Le ministre des Affaires étrangères Araghchi a insisté sur le fait que le droit de l'Iran à l'enrichissement de l'uranium ne pouvait être négocié

JAKARTA - L’Iran a affirmé dimanche qu’il ne mettrait pas fin à son programme d’enrichissement d’uranium, rejetant les principales exigences des États-Unis deux jours après avoir repris les négociations sur un accord nucléaire.

« Nous ne pourrons jamais accepter l’enrichissement à zéro. Par conséquent, nous devons nous concentrer sur des discussions qui acceptent l’enrichissement en Iran tout en construisant la confiance que l’enrichissement est et restera à des fins pacifiques », a déclaré le ministre des Affaires étrangères Abbas Araghchi lors d’un forum à Téhéran, rapporte The National (9/1).

Le ministre des Affaires étrangères Araghchi a conduit la délégation iranienne qui a tenu des pourparlers indirects avec les négociateurs des États-Unis, dirigés par le représentant spécial Steve Witkoff, à Oman vendredi.

Les pourparlers médiés par Oman à Mascate ont suivi des semaines de tensions au milieu d’une augmentation des forces américaines dans la région, ce qui a poussé le dirigeant suprême iranien Ayatollah Ali Khamenei à avertir d’une guerre régionale si son pays était attaqué.

« La persévérance de l’Iran dans l’enrichissement de l’uranium n’est pas seulement technique ou économique, mais elle a ses racines dans le désir d’indépendance et de dignité », a expliqué le ministre des Affaires étrangères Araghchi.

« Personne n’a le droit de dire à l’Iran ce qu’il devrait ou ne devrait pas avoir », a-t-il ajouté.

Le ministre des Affaires étrangères Araghchi a réitéré que le programme de missiles iranien, que les États-Unis veulent inclure dans les négociations, n'a jamais fait partie de l'ordre du jour.
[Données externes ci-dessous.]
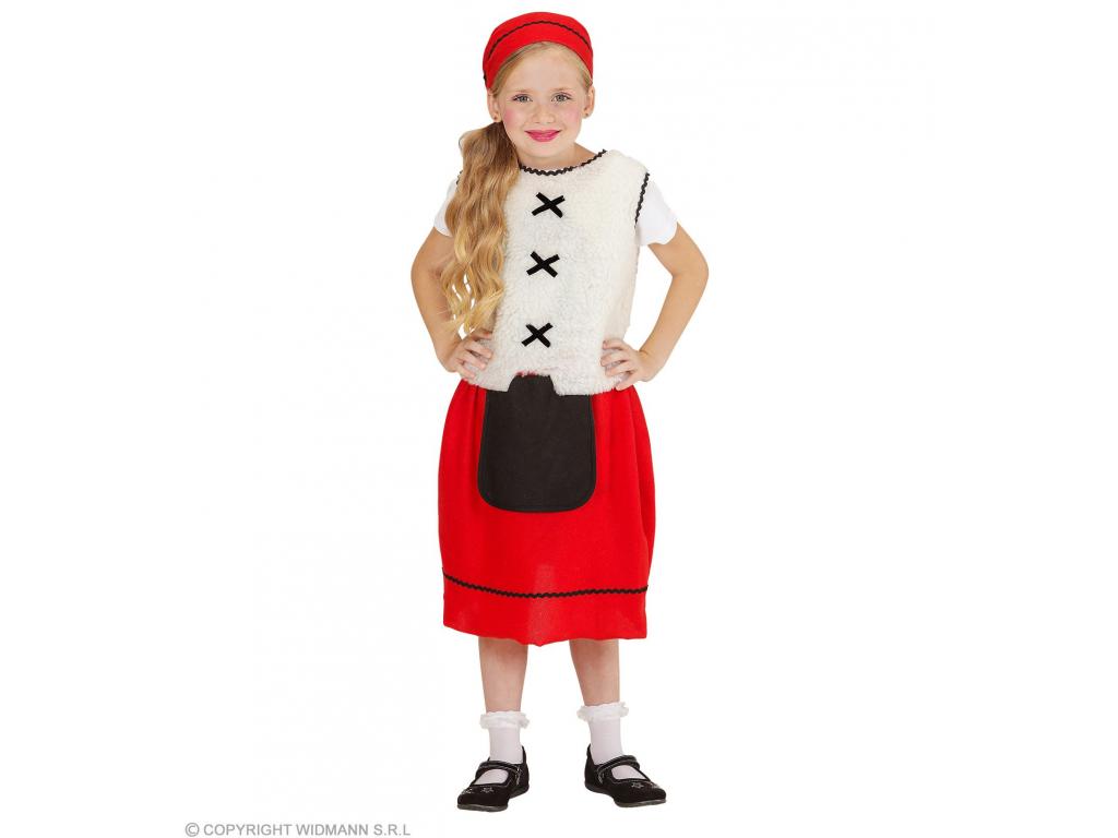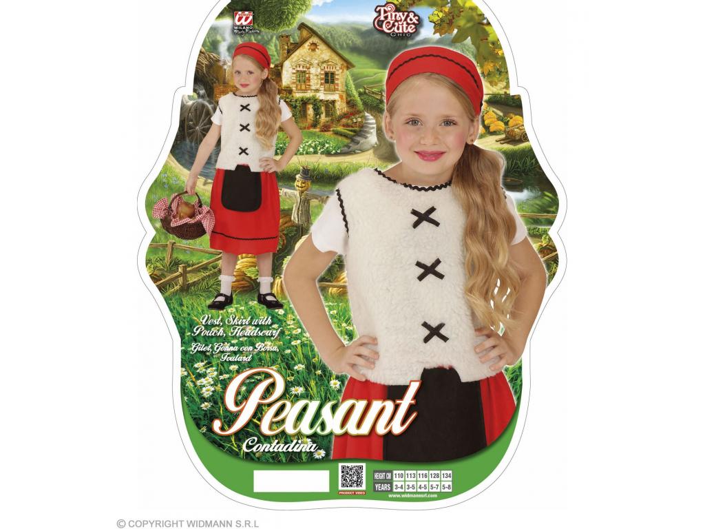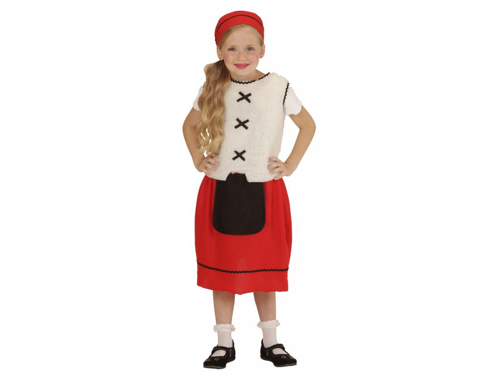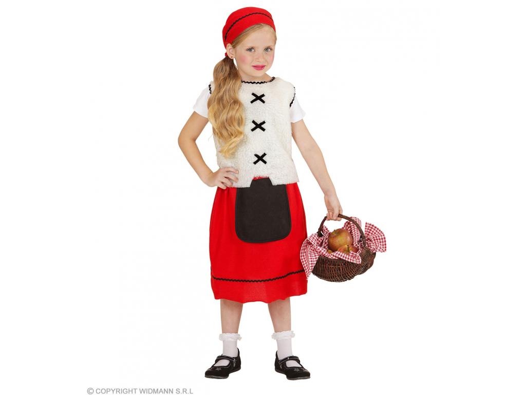 Gyermek jelmez szett: piros szoknya, elől fekete zsebbel, fehér színű, prémes hatású mellény, piros fejkendő/sapka. A kosár nem része a szettnek. Aranyos és eredeti jelmez farsangi bálba, vagy mese előadásokra.

Lebuih jauh, Menu Araghchi a parlé des signaux contradictoires des États-Unis, en disant que certains indicateurs montraient la sévérité, tandis que la poursuite des sanctions et certaines activités militaires suscitaient des doutes quant aux intentions de Washington, comme l’a rapporté l’agence de presse officielle IRNA.

Il est connu que le régime théocratique iranien a été confronté le mois dernier au plus grand défi à son pouvoir depuis la Révolution de 1979, lorsque des manifestations provoquées par des difficultés économiques ont secoué le pays.

Le bureau de presse des activistes des droits de l’homme aux États-Unis a déclaré avoir confirmé la mort de plus de 6 500 manifestants lorsque les autorités ont réprimé les manifestations après avoir imposé un coup d’arrêt à Internet le 8 janvier.

Il y a dix ans, l'Iran, aux côtés des États-Unis, de la Chine, de la France, de l'Allemagne, de la Russie, de la Grande-Bretagne et de l'Union européenne, a conclu l'accord nucléaire (JCPOA) de 2015, dans lequel les sanctions contre l'Iran ont été levées en contrepartie de la limitation par Téhéran de son enrichissement en uranium.

Mais le président Donald Trump s'est retiré de l'accord pendant son premier mandat en 2018. Depuis, l'Iran a ouvertement violé les restrictions convenues.

Les nouveaux pourparlers nucléaires qui ont commencé l'an dernier devaient entrer dans leur sixième tour, mais ont été suspendus après que l'Israël a lancé une guerre de 12 jours en Iran, dans laquelle les États-Unis ont participé en bombardant trois sites nucléaires avant que le président Trump n'annonce un cessez-le-feu.